SOI SUBSTRATE AND MANUFACTURING METHOD THEREOF

Abstract

This invention application provides a method for manufacturing a SOI substrate, and the method comprising: providing a first semiconductor substrate; growing a first insulating layer on a top surface of the first semiconductor substrate for forming a first wafer; irradiating the first semiconductor substrate via a ion beam for forming a deuterium and helium co-doping layer to a pre-determined depth from a top surface of the first insulating layer; growing a second insulating layer on a top surface of the second semiconductor substrate for form a second wafer; bonding the first wafer with the second wafer; annealing the first wafer and second wafer; separating a part of the first wafer from the second wafer; and forming a deuterium and helium co-doping semiconductor layer on the second wafer.

Claims

1. A manufacturing method of silicon on insulator substrate, comprising the steps of: providing a first semiconductor substrate; growing a first insulating layer on a top surface of the first semiconductor substrate for forming a first wafer; irradiating the first semiconductor substrate via a ion beam for forming a deuterium and helium co-doping layer to a pre-determined depth from a top surface of the first insulating layer; providing a second substrate; growing a second insulating layer on a top surface of the second semiconductor substrate for forming a second wafer; bonding the first wafer with the second wafer in a face to face manner; annealing the first wafer and second wafer; separating a part of the first wafer from the second wafer; and forming a deuterium and helium co-doping semiconductor layer on the second wafer.
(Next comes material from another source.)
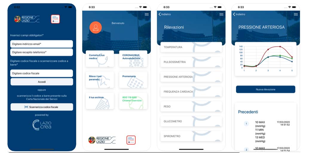La Regione Lazio ha lanciato un’app che si chiama LAZIODRCOVID (Lazio Doctor Covid, qui per iPhone; qui per Android) e si rivolge: a tutti i cittadini che vogliono entrare in contatto con il proprio medico di famiglia da remoto, a chi manifesta sintomi legati al Covid19 (febbre, tosse, bruciore agli occhi), a chi è entrato in contatto stretto con persone positive al Covid19, a chi è stato sottoposto a misure di sorveglianza attiva da parte della Asl. Non è un servizio di emergenza e non sostituisce il servizio del Numero Unico delle Emergenze 112 o 118 che deve essere attivato da parte del cittadino in caso di emergenza sanitaria. La Regione spiega che dati inseriti nella app verranno rielaborati dal sistema, e saranno messi a disposizione degli operatori sanitari.
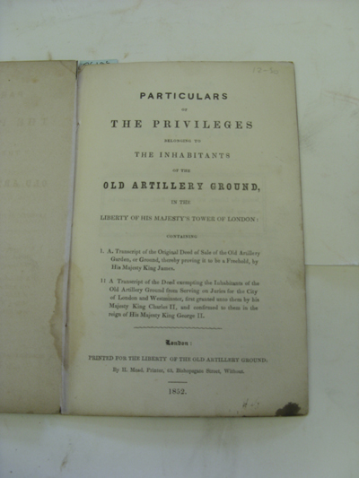 Particulars of the privileges belonging to the inhabitants of the old artillery ground. In the library of His Majesty's Tower of London. Printed by H.Mead, London 1852. Paper covers. pp.19. Copy of P.Solomon, Vestryman. Covers scuffed. Good

2. The method according to claim 1, wherein a material of the first semiconductor substrate includes IV group element, silicon-germanium (SiGe), III-V group compound, III group-nitrogen compound, or II-VI group compound.

3. The method according to claim 1, wherein the pre-determined depth is between 0.1 μm and 5 μm.

4. The method according to claim 1, wherein the deuterium and helium co-doping layer is implanted at the first semiconductor substrate through a deuterium and helium ions co-beam, and an accelerated voltage of the deuterium and helium ions co-beam is between 1 kev and 100 kev, and a doping dosage of the deuterium and helium ions co-beam is between 10.sup.16 ions/cm.sup.2 and 2×10.sup.17 ions/cm.sup.2.

5. The method according to claim 1, wherein a material of the second semiconductor substrate includes IV group element, silicon-germanium (SiGe), III-V group compound, III group-nitrogen compound, or II-VI group compound.

6. The method according to claim 1, wherein the first wafer is boned with the second wafer face to face at a temperature between 200 degrees centigrade and 400 degrees centigrade.

7. The method according to claim 1, wherein the step of bonding the first wafer with the second wafer further includes: wetting the first insulating layer and the second insulating layer; contacting the first insulating layer with the second insulating layer; and pressing the first insulating layer and the second insulating layer for bonding the first insulating layer on the second insulating layer.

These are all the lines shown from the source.